WARTABANJAR.COM, KAMBOJA — Suasana mencekam melanda kawasan China Town, Sihanoukville, Kamboja, pada Sabtu (4/10/2025) malam, ketika ratusan pekerja asing dari berbagai negara mengamuk dan menghancurkan markas judi daring serta pusat penipuan telepon tempat mereka bekerja.

Dalam video yang beredar luas di media sosial, terlihat kantor megah milik warga negara Tiongkok berubah menjadi medan kekacauan. Barang elektronik, meja, kursi, hingga kaca jendela tampak porak-poranda akibat amukan para pekerja.

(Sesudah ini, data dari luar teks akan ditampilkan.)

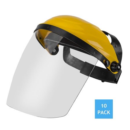 The Ratchet Headgear Head and Face Shield Protection with Clear Visor offers superior protection to head and face from splashes and debris in working environments subject to particles, sparks, fragments, and other potentially damaging airborne elements. The safety system features an adjustable ratcheted headgear strap and a hinged WP96 polycarbonate face shield with unrestricted visibility. The adjustable thirteen position ratchet suspension and five position crown strap offer customized settingsfor individual user's head size.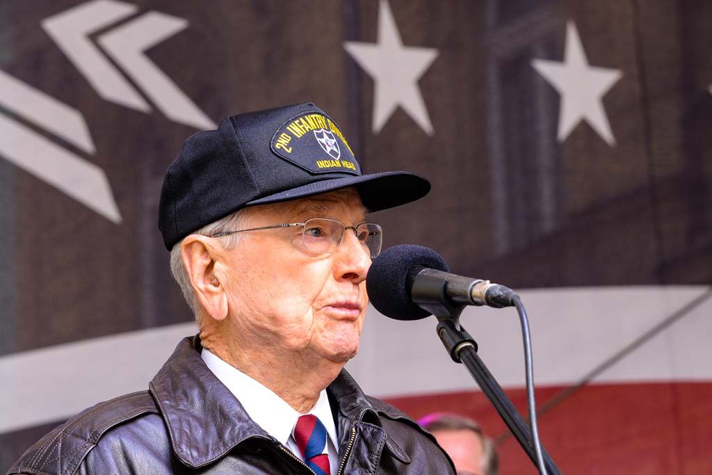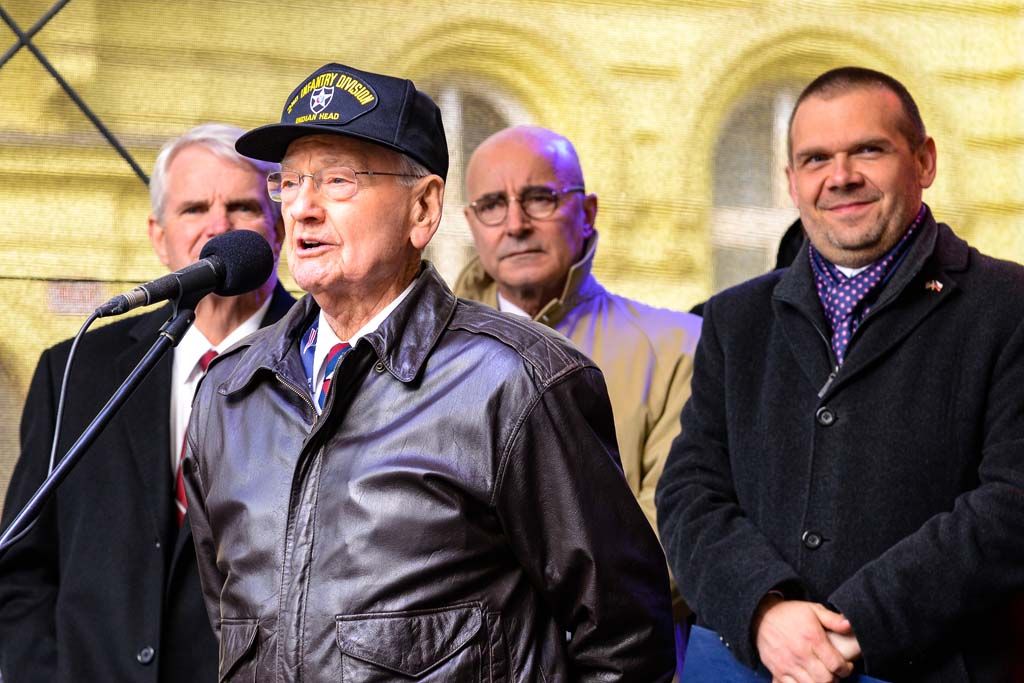 „Srdce nám radostí poskočí, když vidíme, že tu můžete žít svobodně a volně, což jste po dlouhou dobu nemohli. To je naše odměna. Ani v temných dobách v letech 1948 až do listopadu 1989 jsme ve vás nikdy neztratili víru, pořád jsme věřili, protože jsme věděli, jací jsou tu lidé. Znali jsme vaše rodiče, prarodiče, praprarodiče a věděli jsme, že vyznávají stejné hodnoty, jaké vyznáváme my. Vnímám demokracii jako něco, co vytváří volnost a svobodu,“ řekl při vzpomínkovém aktu válečný veterán Earl Ingram, jenž letos v září oslaví 97. narozeniny. Do Plzně přišel v květnu 1945 jako voják 2. pěší divize americké armády a po válce působil jako profesionální voják. Podle Earla Ingrama je nutné nadále předávat dětem a dalším generacím informace o tom, jak se události skutečně děly. „Je nutné se tomu věnovat a nikdy nepolevit, ani jeden jediný den. Každý z nás dospělých, co tu dnes stojíme, rozumí slovům svoboda a volnost. Úkolem je tyto hodnoty uchovat. Přejeme vám, abyste žili ve svobodě a spravedlnosti navždy,“ dodal Earl Ingram.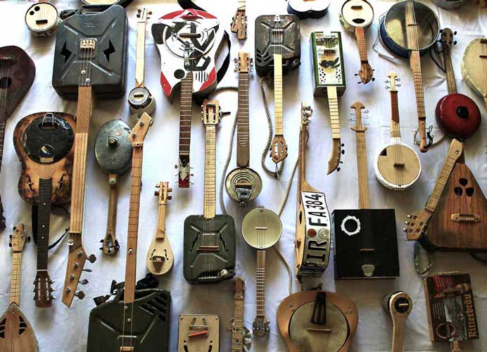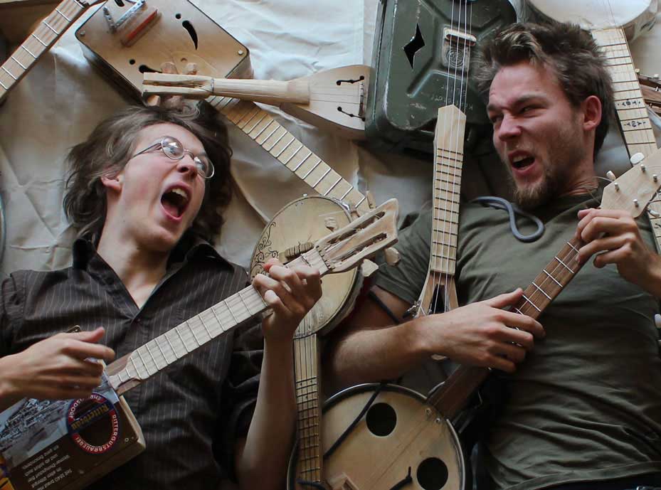 - Kreative Workshops: Hier wird es ernst. Kreativität und Geschick sind gefragt, denn es geht darum, aus willkürlichen Materialresten spielbare Instrumente zu bauen. Dieses Format ist wesentlich anspruchsvoller und zeitintensiver, dafür entstehen super unterschiedliche, verrückte Instrumentkreationen.

Menurut laporan sejumlah media lokal, kerusuhan dipicu oleh perlakuan tidak adil terhadap karyawan asal Pakistan dan Bangladesh. Mereka memprotes larangan menjalankan aktivitas keagamaan di dalam gedung, disertai keterlambatan pembayaran gaji yang sudah berlarut-larut.

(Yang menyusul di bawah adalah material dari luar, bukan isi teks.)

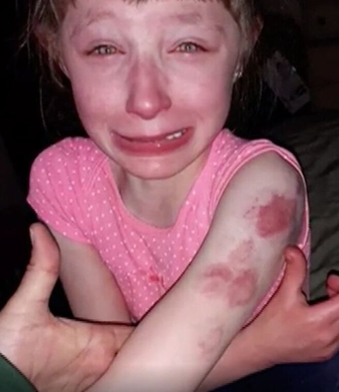 La niña de 10 años llegó a casa llorando y agarrada de los brazos. Su madre no se dio cuenta del alcance de las lesiones hasta que la bañó.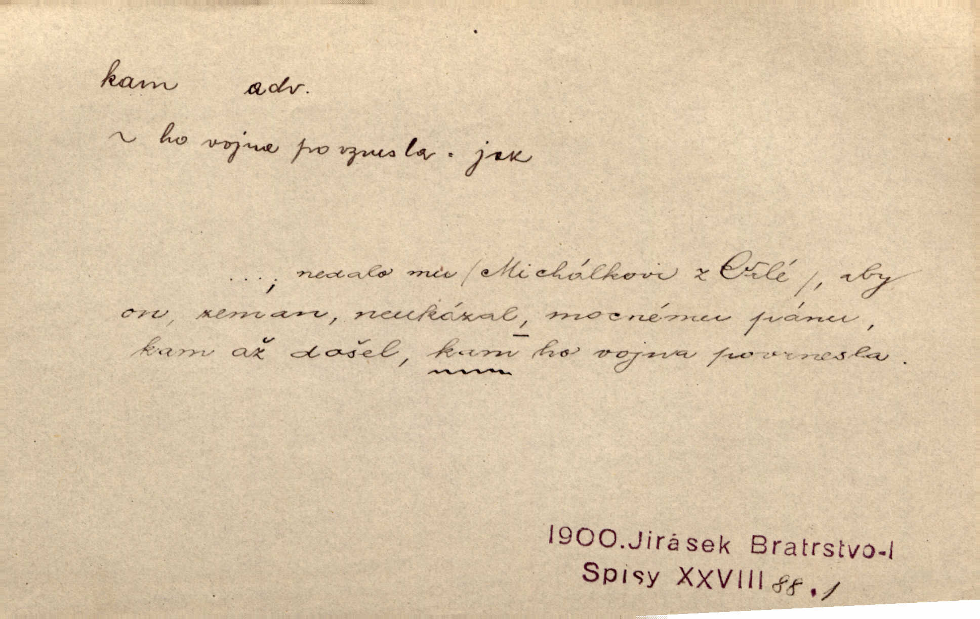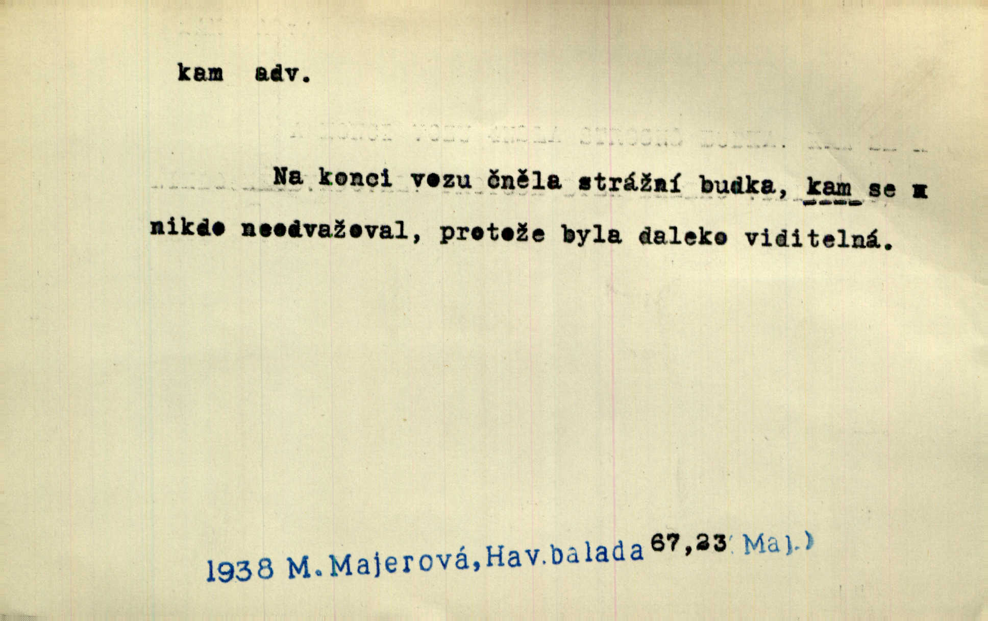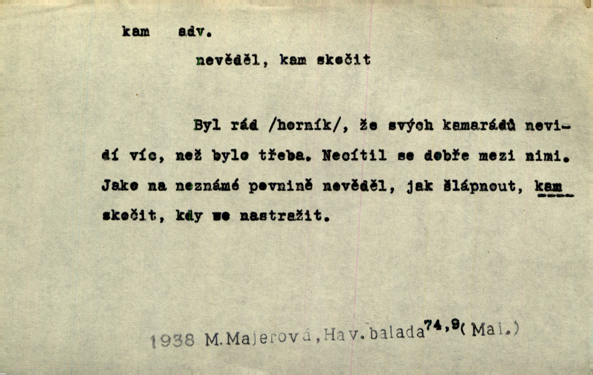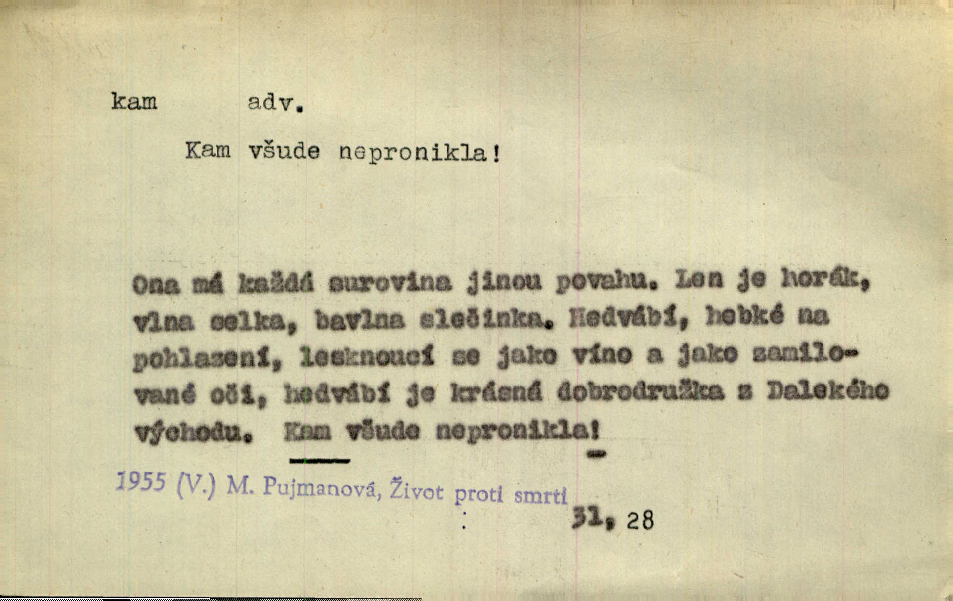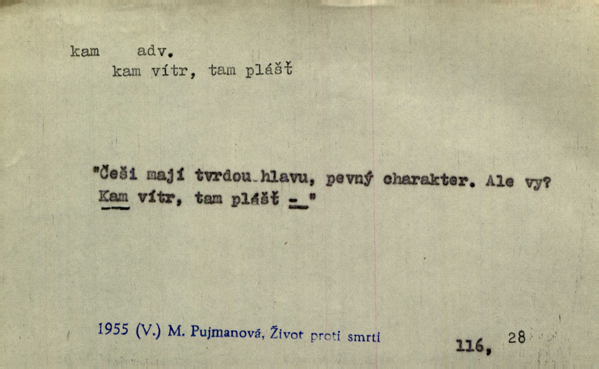 - kam (arch. a bás. kamo) zájm. adv. táz. uvozuje otázku (přímou n. nepřímou), jíž se tážeme po cíli n. účelu. Ej, ej, Tkaničko, kam pospícháš? K Adličce-li? Jir. „Kam tak pozdě na modlení?“ táži se [poutnice]. Mácha. Kampak — kampak — snad ne za nevěstou? Rais. Čisté to hospodářství! Kam jinam vésti může, než do propasti? Bozd. Prorve si hrázi obrovský kolos — jak, kdo a kamo? Mach. Nebuď bloud… snad nemyslíš… i toto, škrábe se za uchem ponocný. „Kam pak s tou flintou!“ co tě to napadá. Staš. Kam to jen myslíš, muži? — Co to máš za nápady? Třeb. Táto, táto, kams dal rozum! Jir. Kam pak s praženou [kávou]! Ta by nám pěkně vyčichla — jsme jen dvě. Herrm. Něco takového [jako je básník X.] jsme opravdu neměli. Kampak Čelakovský — takový hlupák! Mach. Kam by se dělo! není divu. Jir. Kampak mi stačí to bídné diurnum! Mám co dělat, abych zachoval „finanční rovnováhu“. Herrm. [Slepá táboritka k hochovi:] Rci, kam boj se schýlil? Čech. Jarní sny z mé duše bůh ví kam mizejí kamsi do neznáma. Vrch. Však my také víme, kam pěnkava nosem sedá nejsme hloupí. Šmil. Tak byla pomatena v tu chvíli, že nevěděla kam s očima, kam s rukama, kam s celým tělem. V. Mrš. Peníze se mu hromadily, že nevěděl, kam s nimi. Něm. Na večer nevěděl [švec] s rukou kam, tak ho bolela od samého bití. Rad. Pro okamžik nevěděl kam s řečí. Mlčel. Šmil. Nevím, kam dřív s grošem co dříve koupit, platit. Baar. Aha! nyní vím, kam bijete! kam svou řečí míříte. Sab. Mlynář se zapálil, nevěda s odpovědí kudy kam co odpověděti. Svět. Je mně jako bleše v koudeli. Nevím, kudy kam. Jir. D zájm. adv. vztaž. vyjadřuje cílový vztah své věty. Šel, kam jej nohy nesly nazdařbůh. Šmil. Půjde, kam oči povedou. Pal. Kam vítr, tam plášť. Pořek. Volně jako boží dech, který vane, kam chce, Zey. Je to stará zahrada, kam nevkročí nikdo. Kar. [Mluvilo se o tom] u rady Napila, kam chodívám v sobotu na oběd. Šim. Nad jícnem lidstvo zastav, kamo pádí. Vrch. [V pokoji] si nebylo kam sednout. Prav. [Učitel] si položí dítě přes koleno, a kam řeže, tam řeže bije nehledě na to kam. Něm. Studenti rozprášili se kam který na všecky strany. Kosm. D zájm. adv. neurč. někam. Kdo chce kam, pomozme mu tam. Přísl. V létě, když kam jdou, hodí [horalé] přes ramena kabanicu. Něm. Málo kam [paní] vycházela, sedala ustavičně u svého děcka. Jir. D zájm. adv. neurč. vztaž. kamkoli. Kam přišel, všudy byl Jakub jako doma. Prav. Květný koberec, kam noha vkročí. Čech. D Ať se takový člověk obrátí kam obrátí, cop má vždycky vzadu. Praž. pos. Dopadaly [hole] jako cepy do zralého obilí, uhoď kam uhoď. Maj. V. t. kamž.

BACA JUGA:VIRAL! Pria di OKI Tewas Ditembak Teman Sendiri Saat Boncengi Istri, Aksi Sadis Terekam CCTV!

“Pemicu utamanya adalah larangan melakukan ritual keagamaan di tempat kerja oleh pengawas asing, ditambah persoalan gaji yang belum dibayar,” ungkap sumber kepolisian setempat dikutip dari Camboja News.

Kepolisian Kamboja langsung diterjunkan untuk mengendalikan kerusuhan agar tidak meluas ke wilayah lain. Berdasarkan hasil penyelidikan awal, aksi tersebut dimulai sekitar pukul 22.00 waktu setempat dan baru bisa dikendalikan pada pukul 04.00 dini hari.

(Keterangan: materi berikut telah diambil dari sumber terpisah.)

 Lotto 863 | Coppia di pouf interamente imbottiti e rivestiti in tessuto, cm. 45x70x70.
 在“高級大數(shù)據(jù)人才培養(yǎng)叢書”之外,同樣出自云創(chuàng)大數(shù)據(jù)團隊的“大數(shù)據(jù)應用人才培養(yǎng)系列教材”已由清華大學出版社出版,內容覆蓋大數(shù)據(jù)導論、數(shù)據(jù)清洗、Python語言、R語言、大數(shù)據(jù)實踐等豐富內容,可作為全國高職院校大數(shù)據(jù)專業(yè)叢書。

Catatan Koreksi & Fakta Tambahan

Laporan awal sempat menyebut keterlibatan pekerja asal Indonesia dan India, namun sumber resmi menyebut kerusuhan terutama melibatkan warga Pakistan dan Bangladesh.

Aksi kekerasan ini terjadi di kompleks perusahaan yang diduga kuat menjadi markas judi daring ilegal dan penipuan telepon lintas negara.

Polisi masih melakukan pendataan terhadap korban luka maupun kerugian akibat kerusuhan tersebut.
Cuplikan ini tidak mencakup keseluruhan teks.